National Historic Site of Canada
- Official name: Battle of Cook's Mills National Historic Site of Canada
- Designated: 1921

= Battle of Cook's Mills =

1814 battle of the War of 1812

The Battle of Cook's Mills was the last engagement between U.S. and British armies in the Niagara, and the penultimate engagement (followed by the Battle of Malcolm's Mills) on Canadian soil during the War of 1812. After a battle lasting less than an hour, American forces out-maneuvered the British column, and later destroyed all grain found in the mill.

==Background==
General Gordon Drummond had lifted the Siege of Fort Erie on 21 September 1814, and withdrew to a strong defensive position at Fort Chippawa on the north bank of Chippawa Creek.

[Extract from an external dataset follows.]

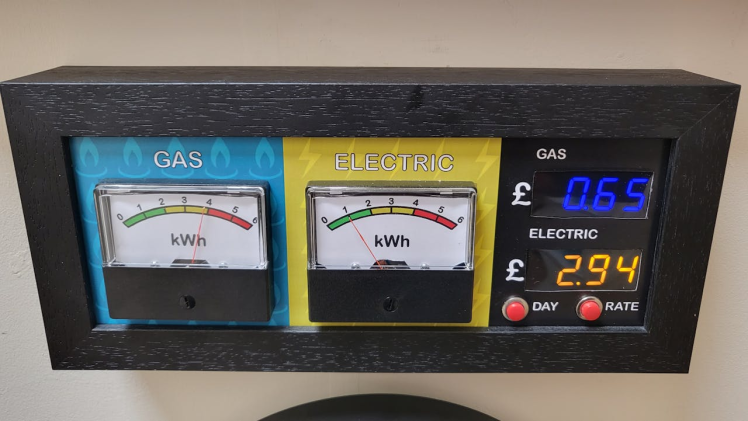 In terms of hardware, two HT16K33 driven 7 segment displays are attached as well as two 3V analog voltmeters - the scale on these has been replaced by a custom designed card which displays current real time consumption in kW for electricity, and a half hour approximation for gas consumption. Finally, two push switches swap the displays between today's consumption and the current rate being paid.
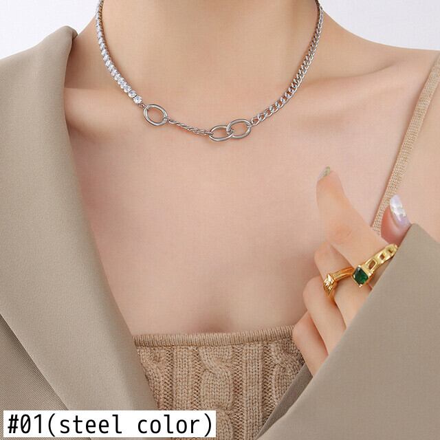 送料無料 ホットステンレス鋼サークルチェーンステッチジルコンジプソフィラネックレスラブジュエリー女性パーティーギフト レース アクセサリー AE00887795323590759

An American division under Major General George Izard had marched overland from Plattsburgh, New York to reinforce the Americans at Fort Erie (commanded by Major General Jacob Brown). Being the senior Major General, Izard took command of the combined force. The more aggressive Brown wished to attack Drummond immediately, with the combined force numbering 6,300. Izard chose not to risk the casualties of attacking a strong defensive position. Angered at Izard's lack of action, Brown left with his division (half the army's strength) and marched to Sacketts Harbor, New York, where a British attack was feared.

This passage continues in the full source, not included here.